Begin at the line containing "Der Orionnebel ist" in the entries below and end at the line containing "パール×ゴールドストーンネックレス"; transcribe that range exactly and nothing outside it.
*** Listed records ***
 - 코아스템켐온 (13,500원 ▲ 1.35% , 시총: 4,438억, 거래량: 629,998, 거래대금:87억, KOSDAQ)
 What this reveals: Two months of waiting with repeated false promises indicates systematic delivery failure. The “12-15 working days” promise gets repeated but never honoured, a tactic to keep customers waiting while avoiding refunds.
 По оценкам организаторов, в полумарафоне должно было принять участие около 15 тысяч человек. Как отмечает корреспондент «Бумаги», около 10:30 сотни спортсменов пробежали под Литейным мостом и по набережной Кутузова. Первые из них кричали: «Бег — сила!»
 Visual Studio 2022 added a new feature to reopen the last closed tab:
***
*** Listed records ***
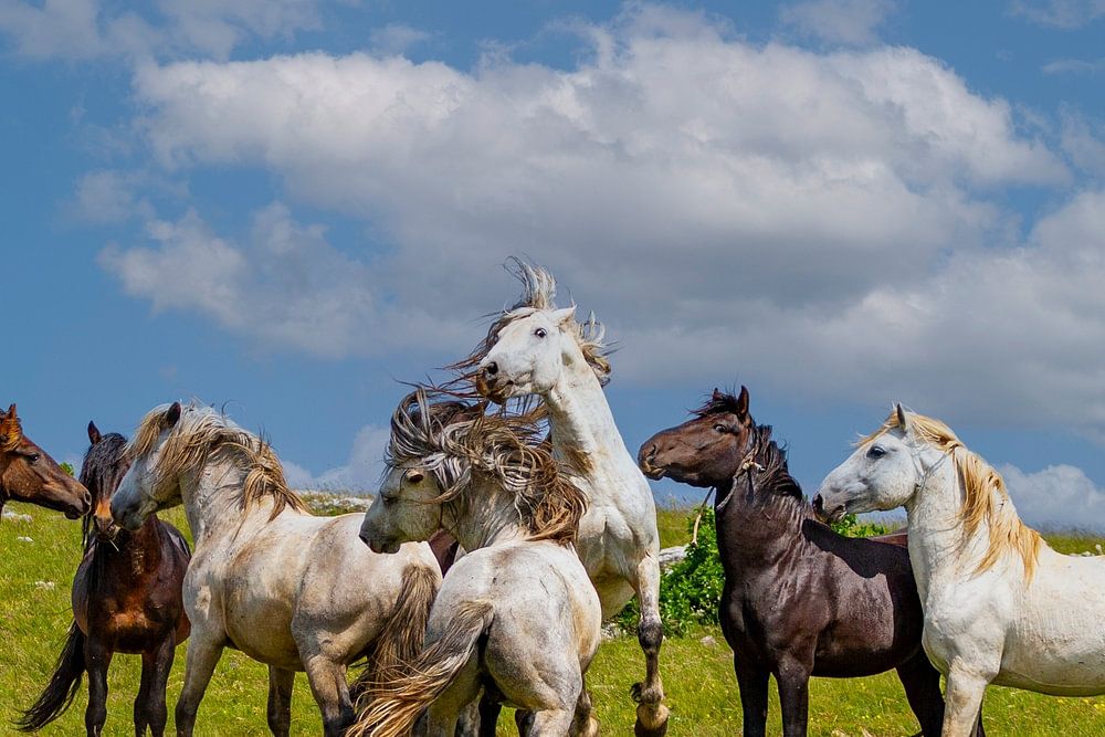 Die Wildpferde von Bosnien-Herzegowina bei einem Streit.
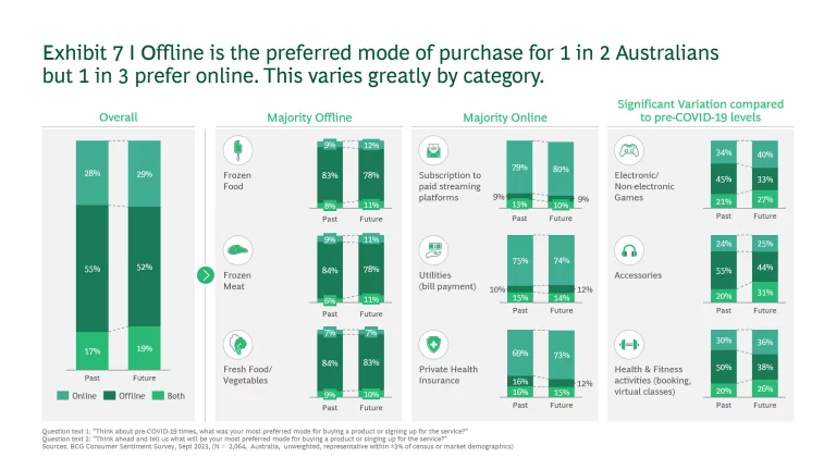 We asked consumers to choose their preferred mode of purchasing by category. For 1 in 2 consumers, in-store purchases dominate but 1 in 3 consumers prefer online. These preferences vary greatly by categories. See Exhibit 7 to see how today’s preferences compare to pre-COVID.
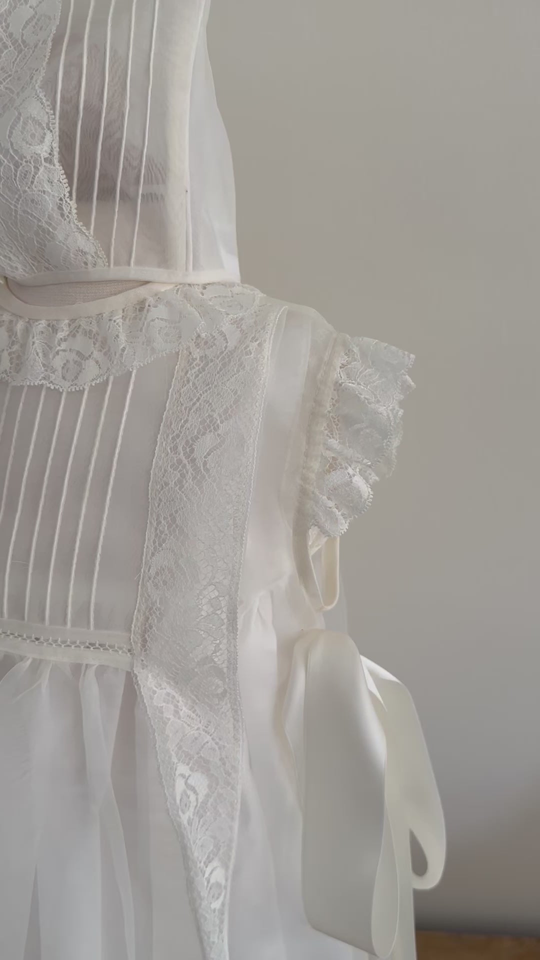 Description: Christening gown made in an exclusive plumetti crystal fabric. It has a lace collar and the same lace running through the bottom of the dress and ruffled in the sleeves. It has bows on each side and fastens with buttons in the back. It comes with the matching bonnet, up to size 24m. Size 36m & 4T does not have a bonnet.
***
*** Listed records ***
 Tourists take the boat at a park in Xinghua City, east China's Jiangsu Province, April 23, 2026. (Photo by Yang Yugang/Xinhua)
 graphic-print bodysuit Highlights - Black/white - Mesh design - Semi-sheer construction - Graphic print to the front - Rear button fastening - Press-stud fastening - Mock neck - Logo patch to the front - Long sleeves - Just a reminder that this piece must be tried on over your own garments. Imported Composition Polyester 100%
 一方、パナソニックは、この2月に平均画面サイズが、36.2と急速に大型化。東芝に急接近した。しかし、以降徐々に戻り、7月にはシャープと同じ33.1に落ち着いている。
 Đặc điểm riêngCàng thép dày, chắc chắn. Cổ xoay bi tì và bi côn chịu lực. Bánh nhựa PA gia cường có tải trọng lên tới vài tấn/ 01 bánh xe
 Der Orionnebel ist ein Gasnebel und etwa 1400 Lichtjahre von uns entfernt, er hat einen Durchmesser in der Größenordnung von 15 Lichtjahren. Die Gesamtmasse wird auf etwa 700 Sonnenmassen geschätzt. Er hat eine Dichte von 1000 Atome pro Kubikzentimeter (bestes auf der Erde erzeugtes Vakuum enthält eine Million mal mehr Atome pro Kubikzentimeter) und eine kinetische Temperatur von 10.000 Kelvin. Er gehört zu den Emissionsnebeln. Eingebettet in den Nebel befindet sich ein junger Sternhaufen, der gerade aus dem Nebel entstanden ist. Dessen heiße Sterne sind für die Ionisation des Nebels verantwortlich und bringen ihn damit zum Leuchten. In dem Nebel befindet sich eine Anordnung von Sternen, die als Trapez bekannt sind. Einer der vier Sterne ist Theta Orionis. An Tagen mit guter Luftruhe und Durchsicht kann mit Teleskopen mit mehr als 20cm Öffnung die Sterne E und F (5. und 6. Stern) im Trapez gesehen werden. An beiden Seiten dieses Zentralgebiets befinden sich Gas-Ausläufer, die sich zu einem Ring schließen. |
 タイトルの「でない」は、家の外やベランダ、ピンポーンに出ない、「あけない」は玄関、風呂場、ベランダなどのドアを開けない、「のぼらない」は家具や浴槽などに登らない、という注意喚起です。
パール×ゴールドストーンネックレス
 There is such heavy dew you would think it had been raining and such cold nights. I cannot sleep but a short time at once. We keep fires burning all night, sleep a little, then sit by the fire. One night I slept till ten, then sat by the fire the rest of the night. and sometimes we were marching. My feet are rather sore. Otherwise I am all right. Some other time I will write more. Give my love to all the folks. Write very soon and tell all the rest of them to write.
***
Solution to the problem
 Der Orionnebel ist ein Gasnebel und etwa 1400 Lichtjahre von uns entfernt, er hat einen Durchmesser in der Größenordnung von 15 Lichtjahren. Die Gesamtmasse wird auf etwa 700 Sonnenmassen geschätzt. Er hat eine Dichte von 1000 Atome pro Kubikzentimeter (bestes auf der Erde erzeugtes Vakuum enthält eine Million mal mehr Atome pro Kubikzentimeter) und eine kinetische Temperatur von 10.000 Kelvin. Er gehört zu den Emissionsnebeln. Eingebettet in den Nebel befindet sich ein junger Sternhaufen, der gerade aus dem Nebel entstanden ist. Dessen heiße Sterne sind für die Ionisation des Nebels verantwortlich und bringen ihn damit zum Leuchten. In dem Nebel befindet sich eine Anordnung von Sternen, die als Trapez bekannt sind. Einer der vier Sterne ist Theta Orionis. An Tagen mit guter Luftruhe und Durchsicht kann mit Teleskopen mit mehr als 20cm Öffnung die Sterne E und F (5. und 6. Stern) im Trapez gesehen werden. An beiden Seiten dieses Zentralgebiets befinden sich Gas-Ausläufer, die sich zu einem Ring schließen. |
 タイトルの「でない」は、家の外やベランダ、ピンポーンに出ない、「あけない」は玄関、風呂場、ベランダなどのドアを開けない、「のぼらない」は家具や浴槽などに登らない、という注意喚起です。
パール×ゴールドストーンネックレス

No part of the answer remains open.